Weeks passed, then he informed the local constable that he was in a position to lay the thieves by the heels. The constable was at first inclined to think that it would be a waste of time to try to do so, but Kinross insisted, so the constable accompanied him down to the little settlement.

Kinross walked up to one of the men, and bluntly demanded to know where he had been the previous night. The man stated that he had been at home playing cards, and called his neighbors in to back him up. 'Ye lie,' retorted Kinross. 'Ye went oot ta Henderside's scrub in a dray, and stole half o' yon heap o' wattle bark.'

Again they replied that he was mistaken; all three swore that it was part of what they had cut on their own land. Kinross walked over to the stack of bark, selected a bundle, cut the lashing, and pulled out a strip of bark. Inside it was scratched the name of the man who had really cut it!

'I put him to this wodge,' he explained to the constable. 'When he was cuttin' this bit bark, and swore him to secrecy. See here, and here again— bundle after bundle o' it wi' the man's name on a score o' strips. I swore t' maself that I'd lay ye by the heels, an' I've done it. There's not a night these last five weeks that I've not watched what ye did through ma night-glasses from yon hill. Constable, under this onion bed ye'll find the set o' harrows which they stole from Rathman's paddock on Saturday last — I saw them go out and return, although the rain was just teemin' down.'

Turning to the three crestfallen thieves, he went on, 'An' it bein' winter ye'll not be able to get anyone to drop the prosecution by threatenin' to set fire to their grass, like ye did wi' Laidlaw and Baker when they found their lambs an' calves runin' in your paddocks. Ye'll find that ye'r numbers are up this time, ye domned rogues, ye!'

I attended the session of the circuit court when the three men were tried, and then the whole story came out when Kinross entered the witness box and told how he had dogged those three men with untiring patience, night after night, as they set out to steal stuff which they had marked down during the day, little dreaming that a human bloodhound followed them everywhere.

He told of traps which he had set to catch them directly he knew what they had selected to steal; when he found them looking at some grown lambs from the shelter of a patch of scrub he had immediately got in touch with the owner of the stock and had helped him muster his lambs and tattoo an identification mark inside their ears.

He had laid many booby traps for them, and had done everything so skilfully that the thieves had never suspected that he was dogging them. They spent the next twelve months in gaol; the stealing stopped as if by magic, and did not start again after they were released— they evidently had learned their lesson!

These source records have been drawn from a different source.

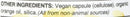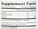 Calories 10 -- Calories From Fat 10 -- Total Fat 1 g 2% Evening Primrose Oil (Organic) 1000 mg * [Standardized to minimum 9% Gamma Linolenic Acid (GLA), calculated by area % of Fatty Acid Profile] Other Ingredients: Vegan Capsule (cellulose), Organic Orange Oil, Silica. (All of the ingredients are from non-animal sources)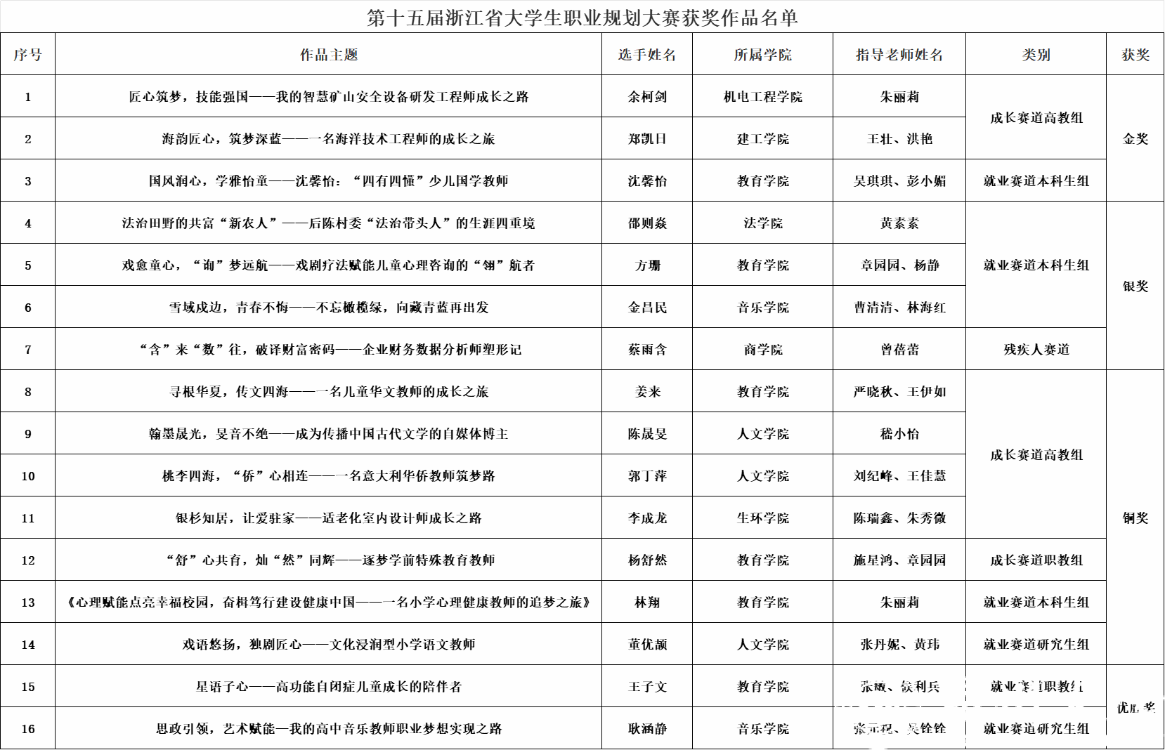12月25日至27日,由省教育厅主办,省教育发展中心和浙江经济职业技术学院承办的“中行杯”第十五届浙江省大学生职业规划大赛在杭州举行。经过激烈角逐,51暗网 共斩获3金、4银、7铜,5位老师被授予大赛优秀指导老师,51暗网 蝉联优秀组织奖。
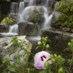 To the left of the waterfall, interspersed through gigantic rocks, are carefully chosen perennials, trees and shrubs. A tree hydrangea is in full bloom with pure white conical flowers. Bright-yellow black-eyed Susans set off the dark-purple leaves of various Japanese maples.
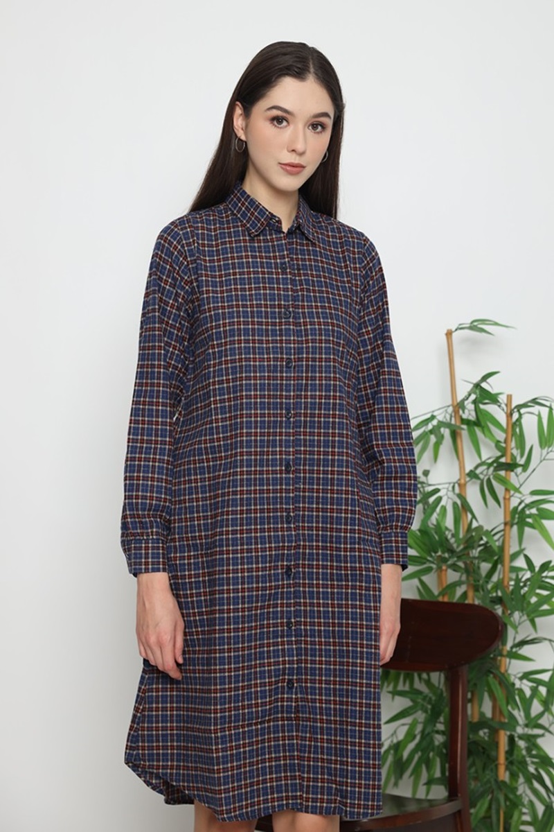 Puricia Dress Midi Wanita Tunik Falisha Navy Cobalt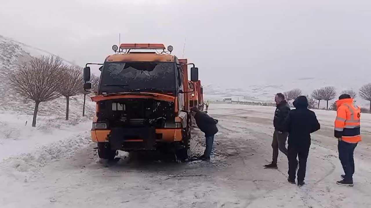 Sivas’ta seyir halindeki BMC marka karla mücadele kamyonu, yanarak kullanılamaz hale geldi.
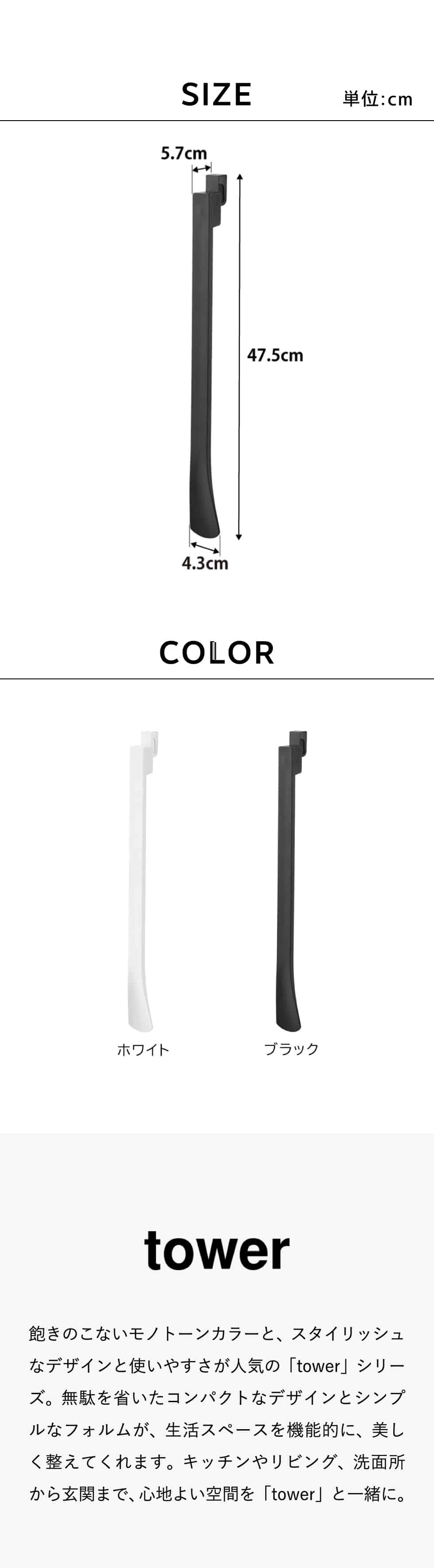 ホワイトとブラックを中心とした飽きのこないモノトーンカラーと、どんなインテリアにもスッと馴染むスタイリッシュなデザイン。そして、とことんシンプルながら、より豊かな暮らしを提案するアイデアがたくさん詰まった、使いやすいアイテムが人気です。無駄を省いたコンパクトなデザインと、シンプルなフォルムが生活スペースを機能的に、美しく整えてくれます。towerのアイテムをライン使いすれば、すっきりとした統一感が生まれ、お洒落でシックな雰囲気を演出します。キッチンやリビング、洗面所から玄関まで揃えたくなるtowerシリーズで、毎日の暮らしを彩る心地よい空間を。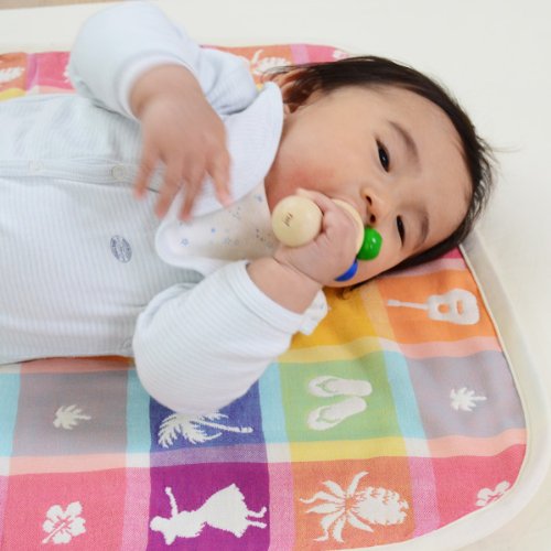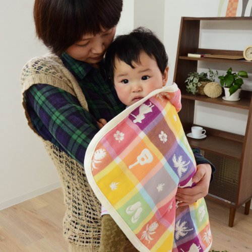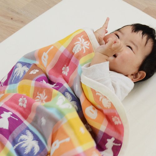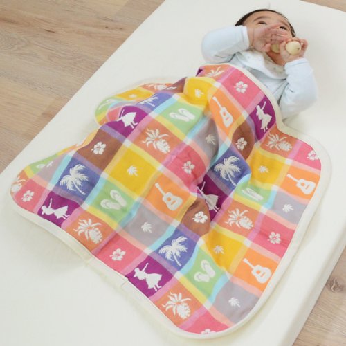 - エムールがデザインを起こし、日本で丁寧に仕上げたオリジナルの高級6重織ガーゼアイテム。テーマはハワイのお土産。南国リゾートホテル気分をご自宅で味わえる、カラフルでかわいいハワイアン柄!パインやフラガール、サンダルなど雑貨屋さんにありそうなかわいい9モチーフを盛り込んだ、9倍かわいい柄です。縦糸と横糸の色が重なってできた、ブロックチェックが味わい深いカラフルな色合いです。ミニケットは赤ちゃんのおむつ替えマットや、お昼寝用ケット、ベビーカー用のひざ掛けなど様々な使い方ができます。赤ちゃんがいるご家庭に一枚あると便利ですよ。

I have purposely altered all names in this as the descendants of those three light fingered gentlemen are today respected members of the community. But anyone who lived in my district around 1900 will remember the case; those three thieves must have often thought that they were mighty expensive rabbit traps which they stole from Donald Kinross! — 'Larrapinta.'


In The Grip Of Drought

There was a big drought from 1889 to 1901. It never rained for eighteen months.

In the north, Farina was in for a share of the trouble. The stations around went back to camels and goats, and sent the horses and sheep away to get feed. They had to remove the sheep from Mounpeowie head station down to Beltana. They were dying in hundreds.

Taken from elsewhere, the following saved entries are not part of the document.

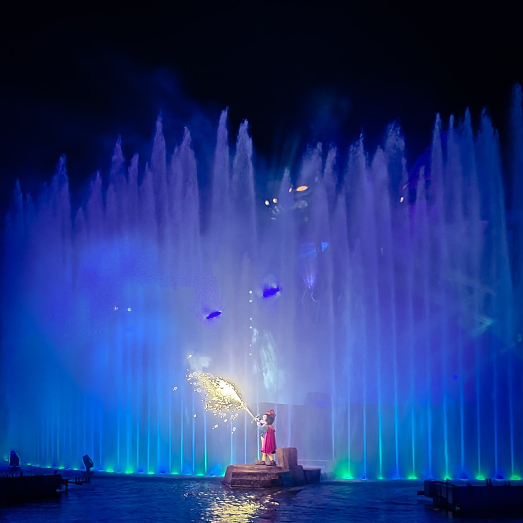 The only show that we enjoyed twice. It had a storyline, a host of Disney characters and Mickey Mouse running the show. Stories projected onto water screens and subtle use of pyro made this stand out compared to the others. Also note that this was shown at 8:30pm and 10pm, so you can fit it in right at the end of the day. We seen one of each show time, and noticed the 10pm showing had a bit more added on with a bit of fire involved, without giving too much away.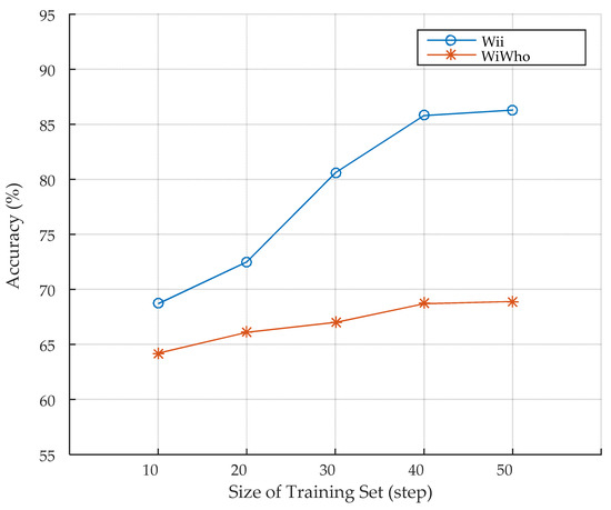Step segmentation is a critical module of gait analysis in the system. To validate its effectiveness, we compare Wii with WiWho fairly using the same features and classifier as that of WiWho as well as the experimental setup. Concretely, the features include the feature ID of 1, 2, 5, 8, and 11 in Table 1 and the classifier is decision tree. There are eight volunteers in the training set. The size of the training set varies from 10 to 50 steps. The size of walking window is five steps. The identification accuracy of the two approaches is shown in Figure 8. It can be seen that the identification accuracy of both approaches rises as the size of training set grows. The accuracy of Wii grows faster and keeps higher than that of WiWho as the size of training set becomes larger. It indicates that the step segmentation module of Wii can extract more effective step information and has a better performance.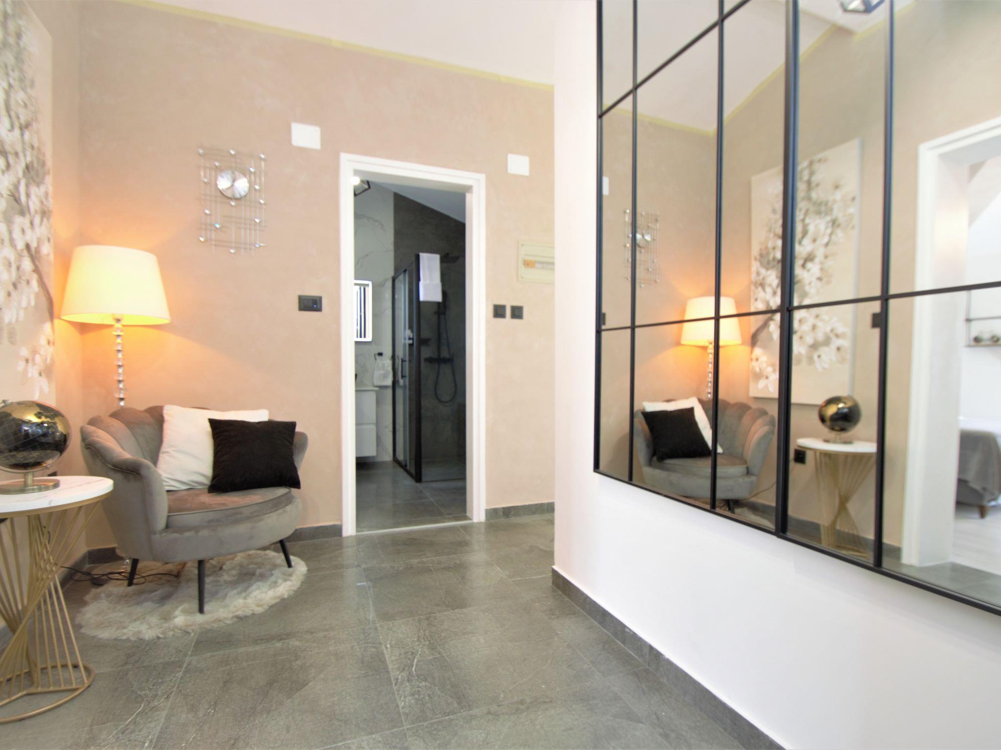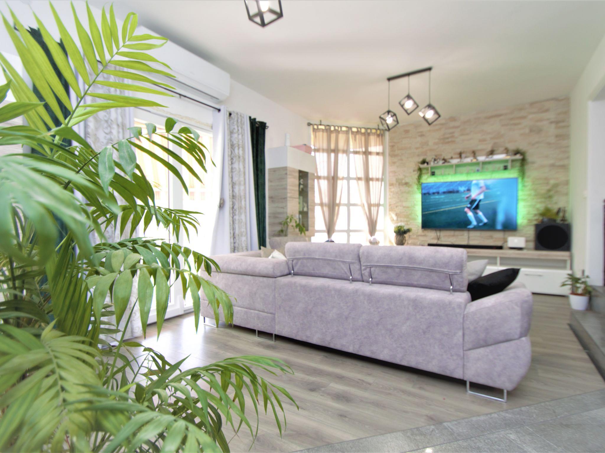 4-room semi-detached house 170 m2 on 2 levels, south facing position. Living/dining room 40 m2 with satellite TV (flat screen), air conditioning. Exit to the terrace. Open kitchen (oven, dishwasher, 4 ceramic glass hob hotplates, toaster, kettle, microwave, freezer, electric coffee machine). Shower/WC. Upper floor: 2 rooms, each room with 1 french bed (160 cm, length 200 cm), satellite TV (flat screen), air conditioning. Exit to the terrace. 1 room with 1 bed (80 cm, length 190 cm), 1 french bed (160 cm, length 200 cm), satellite TV (flat screen), air conditioning. Exit to the balcony. Shower/WC. No heating option. Balcony 5 m2, terrace 15 m2. Terrace furniture. Facilities: safe, children's high chair, baby cot, hair dryer. Internet (WiFi, free).

The drovers were accompanied by two waggons, one with hay on to feed the sheep, which had to go by slow stages, and the other to carry those too weak to travel and the skins of those which died.

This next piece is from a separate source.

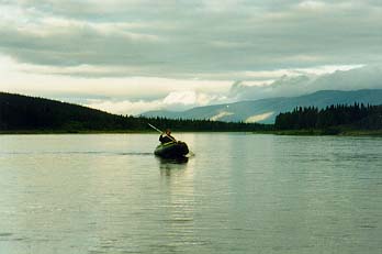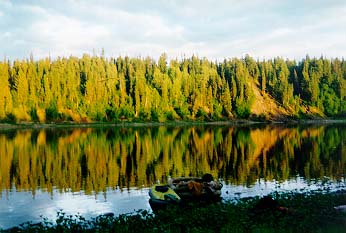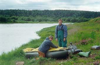 Когда немного прошли вниз, совсем неподал¤ку приземлился вертол¤т, но сразу улетел. Изредка по берегам попадаются лодки, но людей не видно. Ближе к вечеру встретили группу, которая шла с Торговой на рафте.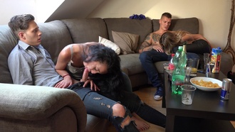 Přijďte dnes večer k nám. Pořádáme pravé české domácí orgie. Vstup zdarma! Všeho nechte a přijďte si pořádně zamrdat. Potetovaná rebelka si ráda strká čuráky až do krku, aby je pak mohla krásně opíchat. Každá holka na téhle párty má v puse čuráka. Slyšíte to božské ticho? Slyšet je jen mlaskání mokrých kundiček, který si navzájem lížou dvě úžasný modelky. Libová kočička s přírodníma kozama si užívá v koupelně parádní šukání. Nádherný kozy! Tak tomu říkám parádní mejdan, kurva!

Even the kangaroo perished, and the top branches of the mulga and white bush trees had to be cut down for feed for the camels and goats.

The mail in those days from Farina to Innamincka, via Leslie's Well, was conveyed in a buckboard buggy, with the letter bag inside a big box with royal mail printed on the side. As the water stages were a long way apart it was not uncommon for the horses, when they got near the drinking places, to bolt and capsize the box. Then away like a streak would go the royal mail, until the horses got their drink, when they were brought back to pick the box up.— E. M. Pahl, Verran.